Funny how, when someone does something wrong, and you don’t stand for it, they talk about “your problem,” when in fact they are the one who created the problem. In this case, I was walking from my car to the supermarket entrance, when a man in a truck quickly turned a corner of the parking lot. I thought about stopping and letting him go by, but I get tired of giving the right of way to impatient drivers, plus then I have to breathe their exhaust. So I decided to just walk across.
At this point, I’m used to drivers who slow down but do not stop, despite 1) the disrespect that demonstrates for the human being in front of the several tons of steel they are maneuvering and 2) the fact that it’s the law to stop for pedestrians. But this guy didn’t even slow down. He just kept driving, as if nobody was crossing in front of him. This with his daughter in the passenger seat. “You can stop,” I said, as he passed me.
I get afraid of saying anything, because the response is typically one not of contrition, but rather, of amplified aggression – a defense of what that person has done and a verbal assault on top of whatever already happened. Once, the first time I said anything about someone coming right into my body space (without touching me, but coming in so close and so fast that it sets me into fight-flight mode and activates a pain spasm), the woman replied by calling me a “fat, angry girl.” In fact, she started yelling it at me, right in the middle of Whole Foods market in Sherman Oaks, CA, and the staff did nothing. If anything, they seemed to blame me for the disturbance and agree with her, being that I was, by that point, extremely upset.
I was in fact so traumatized by the incident that I was unable to write about it until now, nine years later. And despite being a characteristically outspoken and assertive individual, I have since found it very difficult to call people on behavior that is not blatantly obvious.
We live in a society that defines violence as the act that is the gross manifestation of violence – ie, someone needs to be stabbed or shot or hit, preferably with blood and broken something or other as evidence that “something happened.” It is difficult to confront violence in its core, ie, energetic violence, such as the disrespect of someone else’s space – by driving too close to the car in front, with no consideration of the impact on the person in that car; by driving forward, no matter how slowly, when a human being is in front of the car, still crossing the street; by swopping into someone’s body space, so close that it’s a hair’s breadth away, and sometimes even crashing into someone’s body space, without apologizing.

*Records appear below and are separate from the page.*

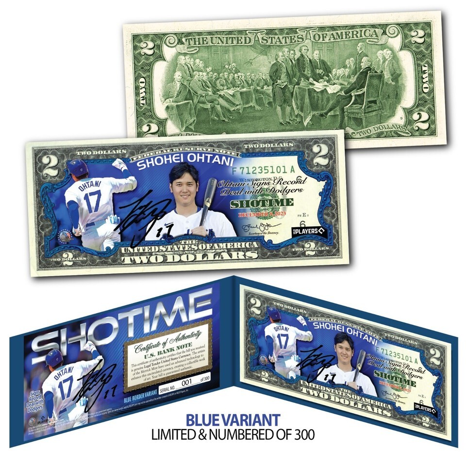 SHOHEI OHTANI Signs with Dodgers Licensed US $2 Bill LTD Blue Variant S/N of 300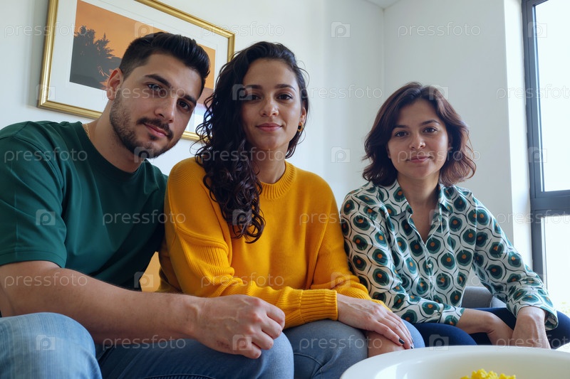 Портрет трех молодых и латиноамериканских людей, улыбающихся в помещении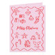 Modern klotterillustration i rosa och rött helgkort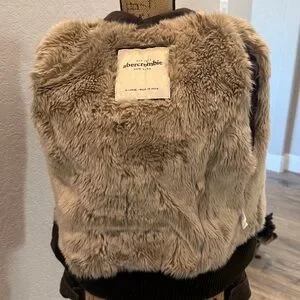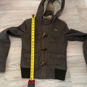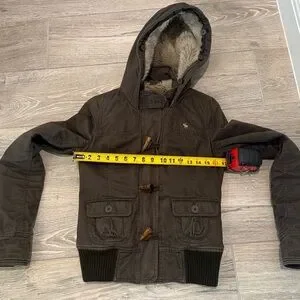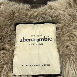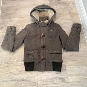 The jacket is a vintage Abercrombie & Fitch faux fur-lined hooded jacket. This style, often referred to as a bomber or utility jacket, was popular in the early 2000s (Y2K era) and features a zip and toggle closure.

Despite the fact that there are tens of millions of Americans with invisible disability and hypersensitivity, those I confront act as if they did nothing wrong and as if I am crazy – literally, I have been called mentally ill for confronting someone on inappropriate and inconsiderate behavior, like allowing a dog to charge at me, while standing by and doing nothing to stop it.

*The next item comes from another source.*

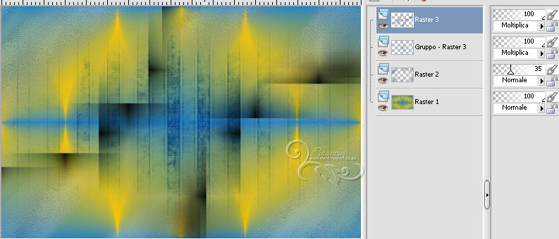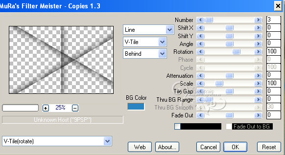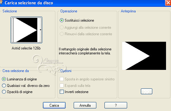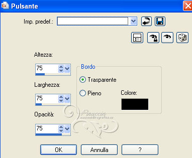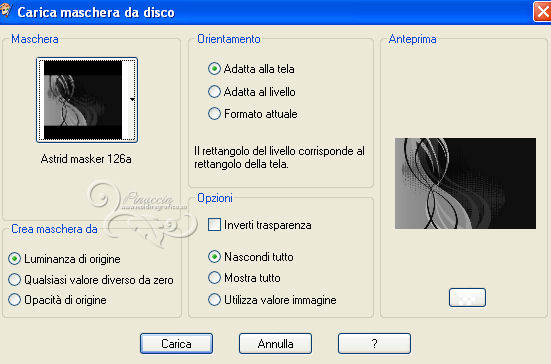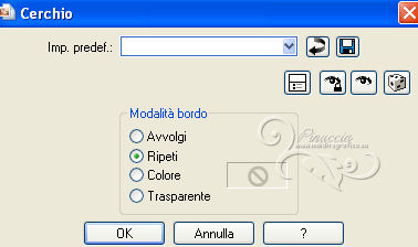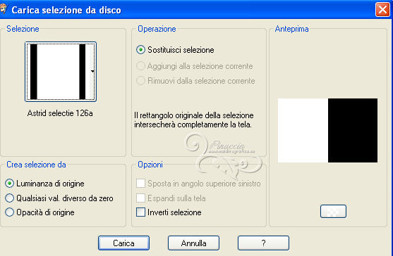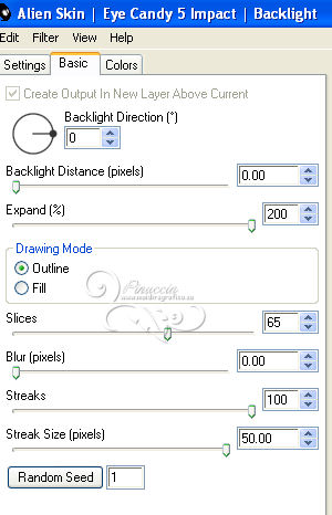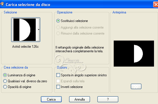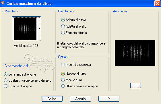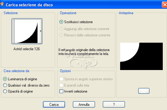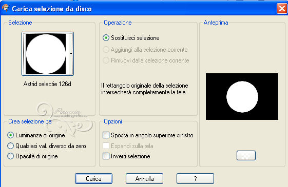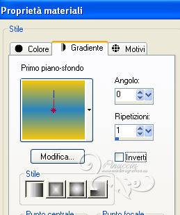 qui puoi trovare qualche risposta ai tuoi dubbi. Se l'argomento che ti interessa non è presente, ti prego di segnalarmelo. Per tradurre questo tutorial ho usato PSP X. Questo tutorial è una creazione di ©Araemae e non può essere copiato su altri siti nè essere offerto per il download. Lo stesso vale per la mia traduzione. Il materiale viene da vari gruppi di condivisione. Il copyright appartiene ai rispettivi autori. Grazie ai creatori dei tubes che mettono a disposizione il loro lavoro in vari gruppi di condivisione. Occorrente: Materiale qui Per il tube usato grazie Nikita. Filtri: consulta, se necessario, la mia sezione filtri qui Alien Skin Eye Candy 5 Impact - Backlight, Perspective Shadow qui Mehdi - Weaver qui Mura's Meister - Copies qui L and K landksiteofwonders - L en K's Zitah qui ![]() Metti i preset Cliccando sul file una o due volte (a seconda delle tue impostazioni), automaticamente il preset si installerà nella cartella corretta. perchè uno o due clic vedi qui Metti le selezioni nella cartella Selezioni. Metti le maschere nella cartella Maschere. se stai usando altri colori, sei libero di sperimentare le modalità di miscelatura più adatte 1. Scegli due colori, e imposta il colore di primo piano con il colore chiaro, e il colore di sfondo con il colore scuro. I miei colori. ![]() Passa il colore di primo piano a Gradiente, stile Lineare, con i seguenti settaggi. ![]() Apri una nuova immagine trasparente 850 x 550 pixels, e riempila con il gradiente.2. Effetti>Effetti geometrici>Cerchio. ![]() 3. Effetti>Effetti di immagine>Motivo unico. ![]() 4. Apri "Astrid deco 126" e vai a Modifica>Copia. Torna al tuo lavoro e vai a Modifica>Incolla come nuovo livello. Abbassa l'opacità di questo livello al 35%. 5. Livelli>Nuovo livello raster. Riempi con il colore di sfondo.6. Livelli>Carica/Salva maschera>Carica maschera da disco. Cerca e carica la maschera "Astrid masker 126". ![]() Livelli>Unisci>Unisci gruppo. Cambia la modalità di miscelatura di questo livello in Moltiplica. 7. Livelli>Nuovo livello raster. Selezione>Carica/Salva selezione>Carica selezione da disco. Cerca e carica la selezione "Astrid selectie 126". ![]() 8. Effetti>Effetti 3D>Sfalsa ombra. ![]() Selezione>Deseleziona. 9. Livelli>Duplica. Immagine>Rifletti. Immagine>Capovolgi. Livelli>Unisci>Unisci giù. 10. Effetti>Plugins>Mehdi - Weaver. ![]() 11. Livelli>Duplica. Livelli>Unisci>Unisci giù. Cambia la modalità di miscelatura di questo livello in Moltiplica. ![]() 12. Livelli>Nuovo livello raster. Selezione>Carica/Salva selezione>Carica selezione da disco. Cerca e carica la selezione "Astrid selectie 126a". ![]() 13. Effetti>Effetti 3D>Sfalsa ombra, con i settaggi precedenti. ![]() Selezione>Deseleziona. 14. Effetti>Plugins>Mura's Meister - Copies. ![]() 15. Effetti>effetti di immagine>Motivo unico, con i settaggi precedenti. ![]() Cambia la modalità di miscelatura di questo livello in Rafforza. 16. Livelli>Nuovo livello raster. Selezione>Carica/Salva selezione>Carica selezione da disco. Cerca e carica la selezione "Astrid selectie 126b". ![]() 17. Riempi la selezione con il gradiente del punto 1.![]() Selezione>Deseleziona. 18. Effetti>Effetti di immagine>Motivo unico, con i settaggi precedenti. ![]() 19. Effetti>Plugins>L and K landksiteofwonders - L and K's Zitah. ![]() Cambia la modalità di miscelatura di questo livello in Sovrapponi. ![]() 20. Livelli>Unisci>Unisci visibile. 21. Livelli>Nuovo livello raster. Selezione>Carica/Salva selezione>Carica selezione da disco. Cerca e carica la selezione "Astrid selectie 126c". ![]() 22. Riempi la selezione con il colore di sfondo.Selezione>Deseleziona. Cambia la modalità di miscelatura di questo livello in Moltiplica, e abbassa l'opacità al 30%. 23. Livelli>Duplica. Immagine>Ridimensiona, all'80%, tutti i livelli non selezionato. Cambia la modalità di miscelatura di questo livello in Filtra, e aumenta l'opacità al 50%. 24. Livelli>Duplica. Immagine>Ridimensiona, al 75%, tutti i livelli non selezionato. Mantieni la modalità di miscelatura in Filtra e l'opacità al 50%. 25. Livelli>Duplica. Immagine>Rifletti. Immagine>Ridimensiona, al 50%, tutti i livelli non selezionato. Cambia la modalità di miscelatura di questo livello in Moltiplica, e riporta l'opacità a 100. ![]() 26. Livelli>Unisci>Unisci visibile. 27. Livelli>Nuovo livello raster. Selezione>Carica/Salva selezione>Carica selezione da disco. Cerca e carica la selezione "Astrid selectie 126d". ![]() 28. Riempi la selezione con il colore di sfondo.Selezione>Modifica>Contrai - 4 pixels. Premi sulla tastiera il tasto CANC ![]() Selezione>Deseleziona. 29. Effetti>Plugins>Alien Skin Eye Candy 5 Impact - Backlight. Seleziona il preset Astrid Backlight 126 e ok. ![]() Questi i settaggi che, in caso di problemi con il preset, puoi impostare manualmente. ![]() 30. Selezione>Carica/Salva selezione>Carica selezione da disco. Carica nuovamente la selezione "Astrid selectie 126d". ![]() Premi sulla tastiera il tasto CANC. Selezione>Deseleziona. 31. Apri "Astrid tekst 126" e vai a Modifica>Copia. Torna al tuo lavoro e vai a Modifica>Incolla come nuovo livello. Spostalo contro il bordo a destra.Mantieni la modalità di miscelatura già impostata in Luce diffusa. ![]() 32. Livelli>Nuovo livello raster. Riempi il livello con il colore di sfondo.33. Livelli>Carica/Salva maschera>Carica maschera da disco. Cerca e carica la maschera "Astrid masker 126a". ![]() Livelli>Unisci>Unisci gruppo. Cambia la modalità di miscelatura di questo livello in Moltiplica. ![]() 34. Inverti i colori nella paletta dei materiali e chiudi il colore di sfondo. ![]() 35. Attiva lo strumento Penna ![]() linea di stile Punto, larghezza 2. ![]() 36. Traccia una linea come nell'esempio. ![]() Livelli>Converti in livello raster. Cambia la modalità di miscelatura di questo livello in Moltiplica. 37. Livelli>Duplica. Immagine>Capovolgi. Livelli>Unisci>Unisci giù. 38. Effetti>Effetti di immagine>Motivo unico, con i settaggi precedenti. ![](

I feel overwhelmed. And because nobody can see the impact on me, and because our society is so incredibly insensitive, and because confronting someone’s behavior just ends up escalating the situation, while failing to “undo” what has happened, I say nothing. But I still suffer.

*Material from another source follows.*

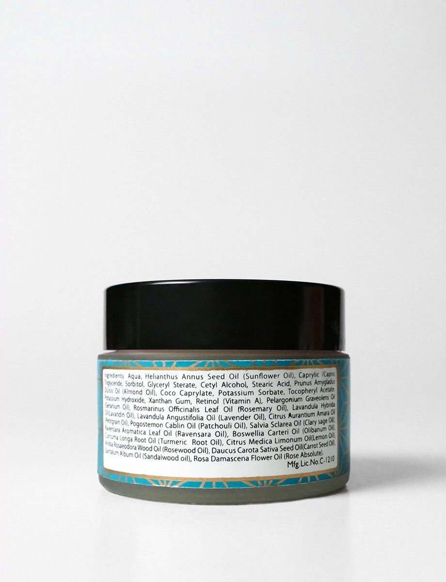 Aqua, Helianthus Annus Seed Oil (Sunflower Oil), Caprylic/Capric Triglyceride, Sorbitol*, Glyceryl Stearate**, Cetyl Alcohol, Stearic Acid, Prunus Amygdalus Dulcis Oil (Almond Oil), Coco Caprylate, Potassium Sorbate*, Tocopheryl Acetate*, Potassium Hydroxide, Xanthan Gum, Retinol (Vitamin A), Pelargonium Graveolens Oil (Geranium Oil), Rosmarinus Officinalis Leaf Oil (Rosemary Oil), Lavandula Hybrida Oil (Lavandin Oil), Lavandula Angustifolia Oil (Lavender Oil), Citrus Aurantium Amara Oil (Petitgrain Oil), Pogostemon Cablin Oil (Patchouli Oil), Salvia Sclarea Oil (Clary Sage Oil), Ravensara Aromatica Leaf Oil (Ravensara Oil), Boswellia Carteri Oil (Olibanum Oil), Curcuma Longa Root Oil (Turmeric Root Oil), Citrus Medica Limonum Oil (Lemon Oil), Aniba Rosaeodora Wood Oil (Rosewood Oil), Daucus Carota Sativa Seed Oil (Carrot Seed Oil), Santalum Album Oil (Sandalwood Oil), Rosa Damascena Flower Oil (Rose Absolute). *Vegetal **Naturally derived

Anyhow, I want to swim now – part of dealing with the fallout of someone’s thoughtless actions is having my time stolen from me, in one form or another. So I’m going to wrap up for now. But I have a shit ton of things to say on topic. I’ll just end by saying that I saw the father-daughter duo in the supermarket. I approached the father (driver) and said, “You really do need to stop for pedestrians.” He said, “I don’t know what your problem was, you had space.” I said, “You need to stop for pedestrians.” His daughter stepped in between her father and me, with her back to me, and said, “Come on, let’s get out of here” and took off into the market.
I didn’t have the energy or commitment level to follow them.